Exercise directions.
Wherever the line that contains "With Google, a" falls, repeat it and the lines after it exactly until the records end, without any pictures.

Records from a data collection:
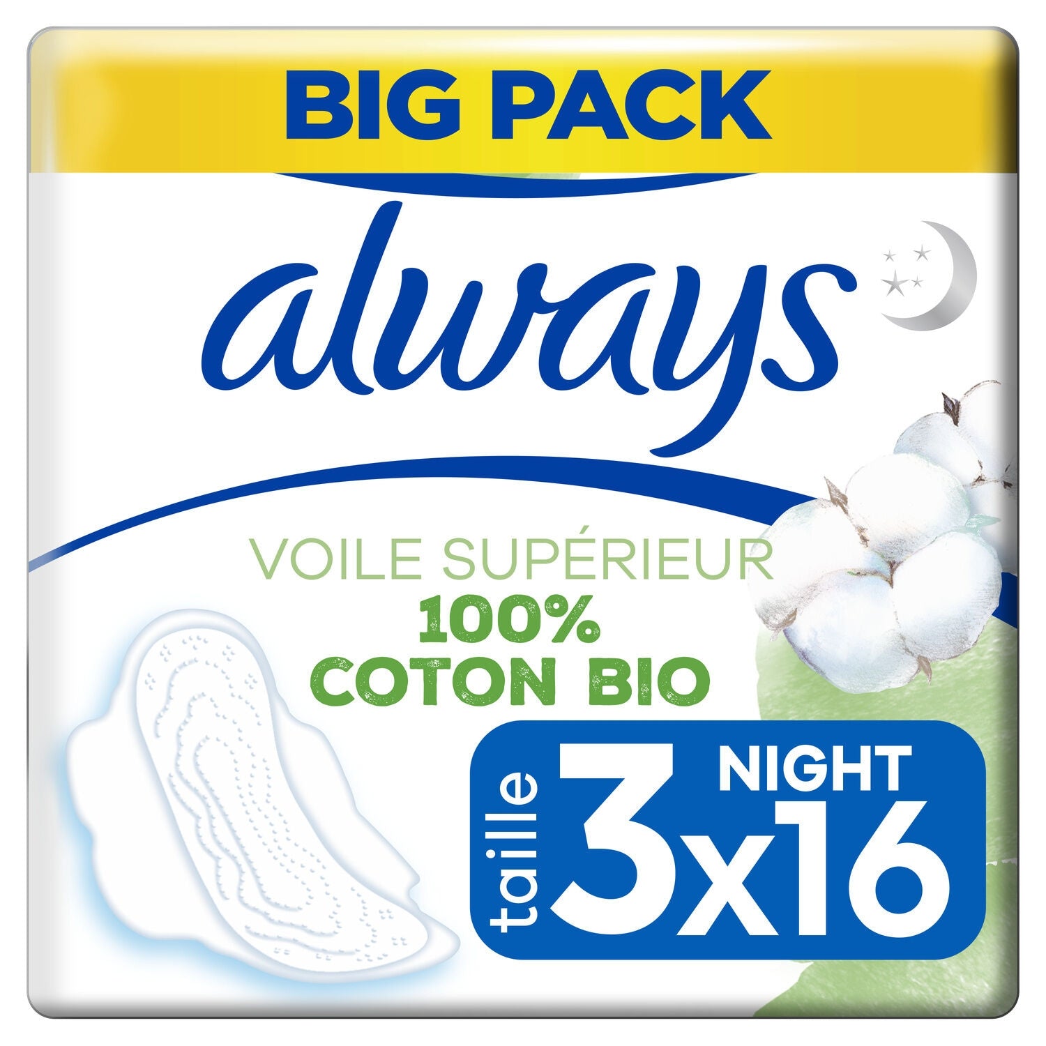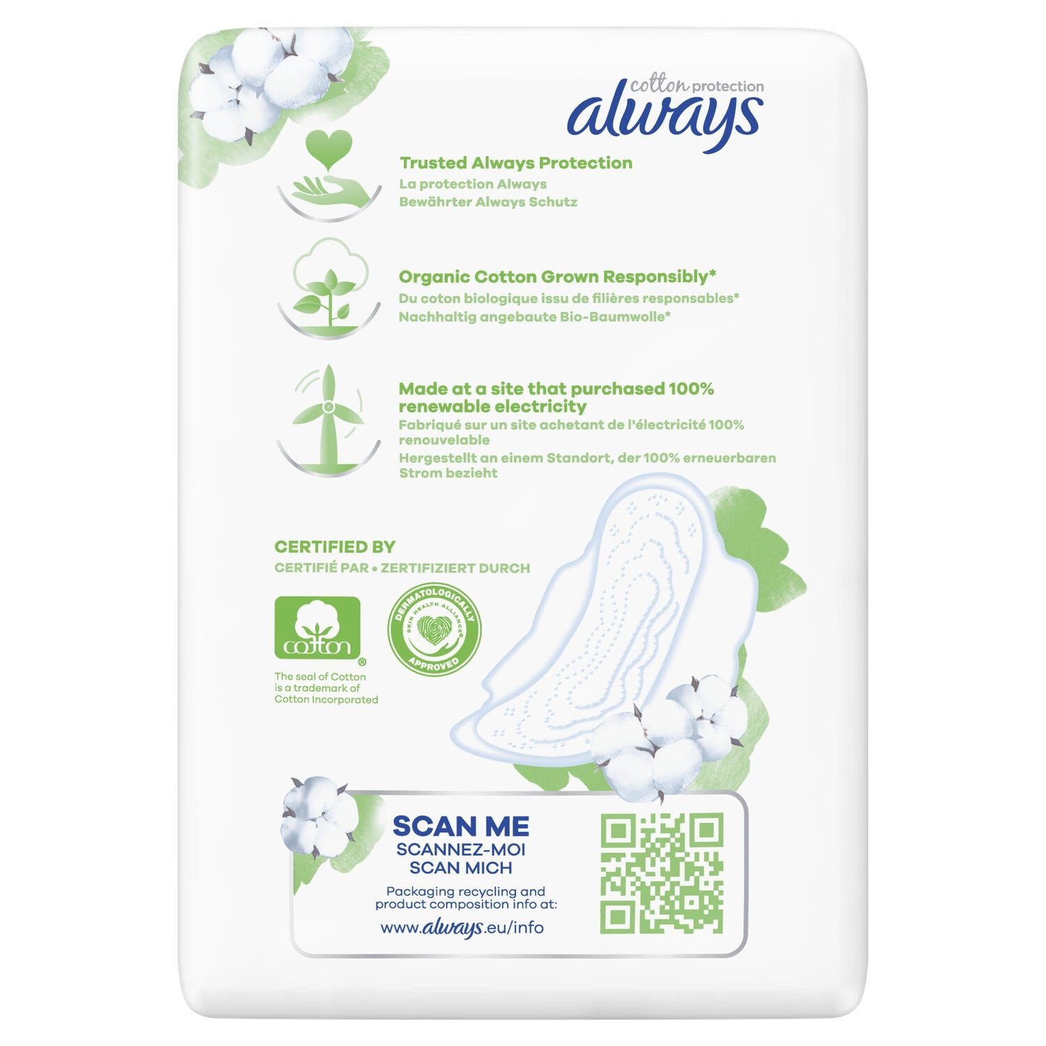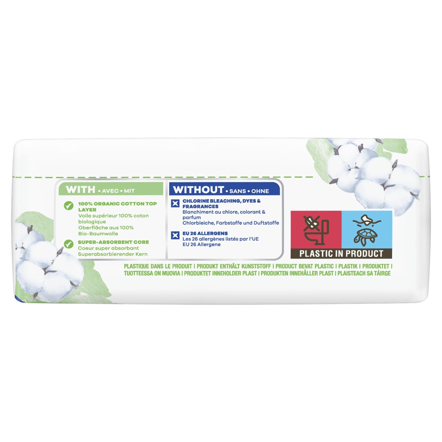 Always protection with a 100% organic cotton skin-contact layer, Fragrance-free, dye-free, and chlorine-free pads, A core with ultra-absorbent gel that turns liquid into gel and prevents leaks, With wings to keep the pad in place, A thin pad for optimal comfort, Approved by dermatologists of the Skin Health Alliance, Certified by Cotton Inc
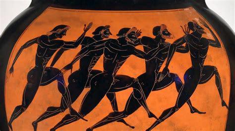 Les athlètes qui s'affrontent à Olympie comme dans toutes les compétitions panhelléniques sont exclusivement des hommes – et bien évidemment des hommes libres. À l'exception des auriges qui conduisent les chars, tous les athlètes se présentent nus et oints d'huile.
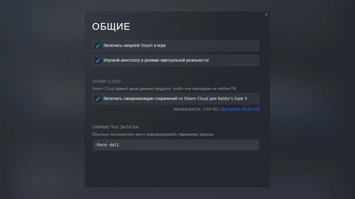 - В строке «Параметры запуска» вводим «-force -dx11» без кавычек.
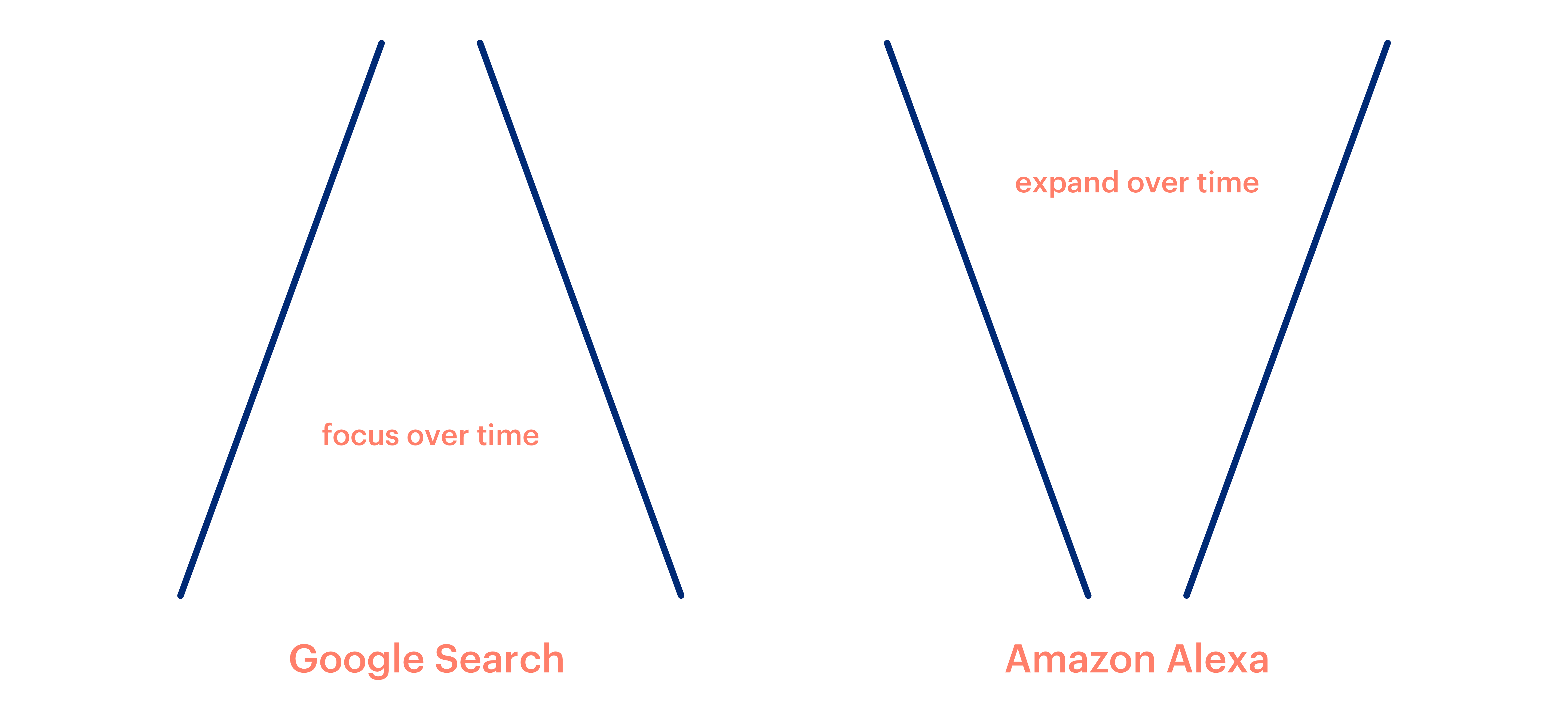 With Google, a participant's search focused over time. While with an Alexa, a participant's search expanded over time.
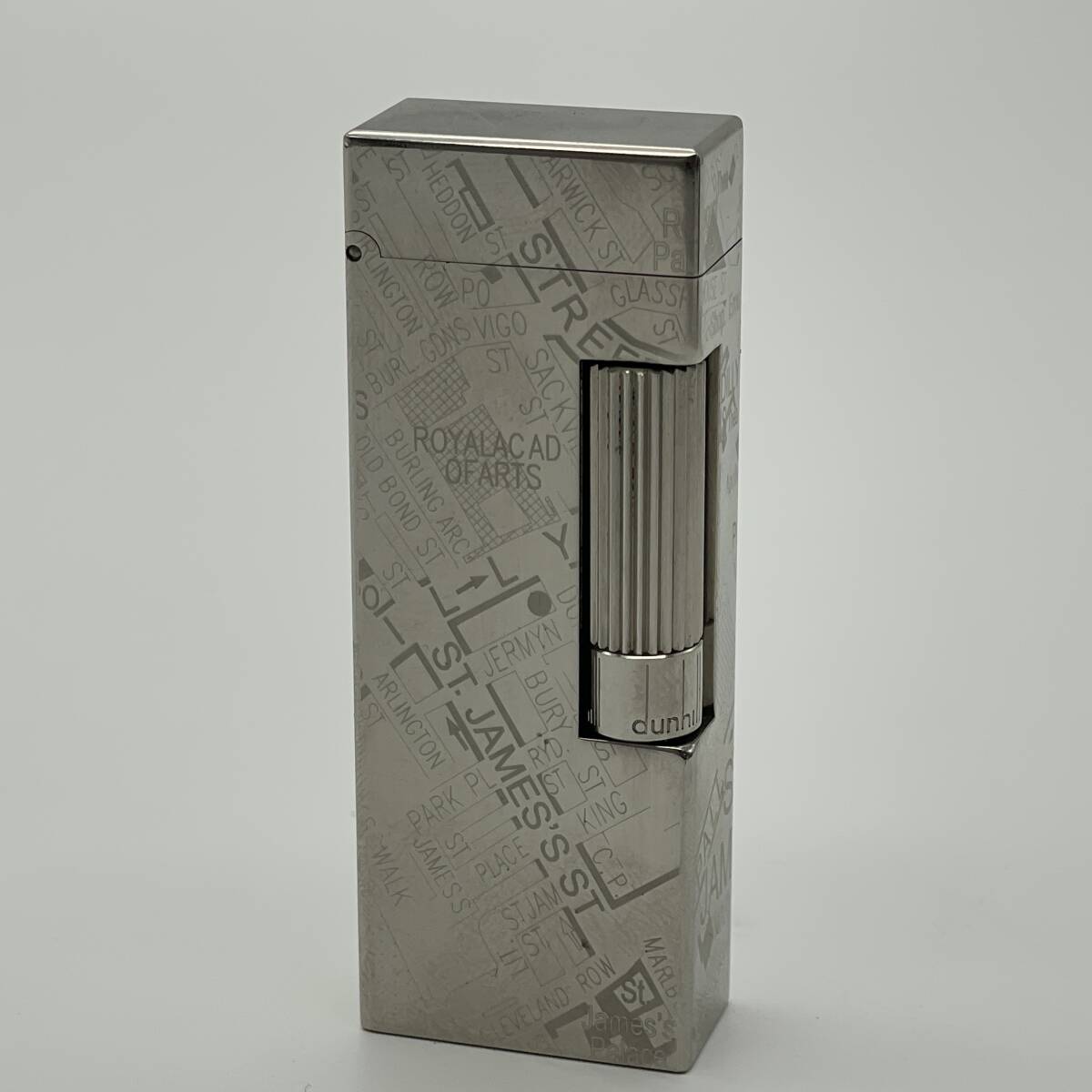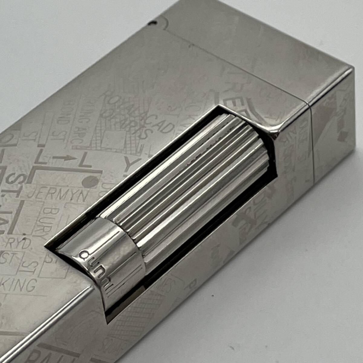 希少品【dunhill ダンヒル JERMYN STREET ジャーミンストリート ローラー ガスライター シルバー 火花確認 箱付 ギャラ付 ロンドンマップ】

Task output.
 With Google, a participant's search focused over time. While with an Alexa, a participant's search expanded over time.
 希少品【dunhill ダンヒル JERMYN STREET ジャーミンストリート ローラー ガスライター シルバー 火花確認 箱付 ギャラ付 ロンドンマップ】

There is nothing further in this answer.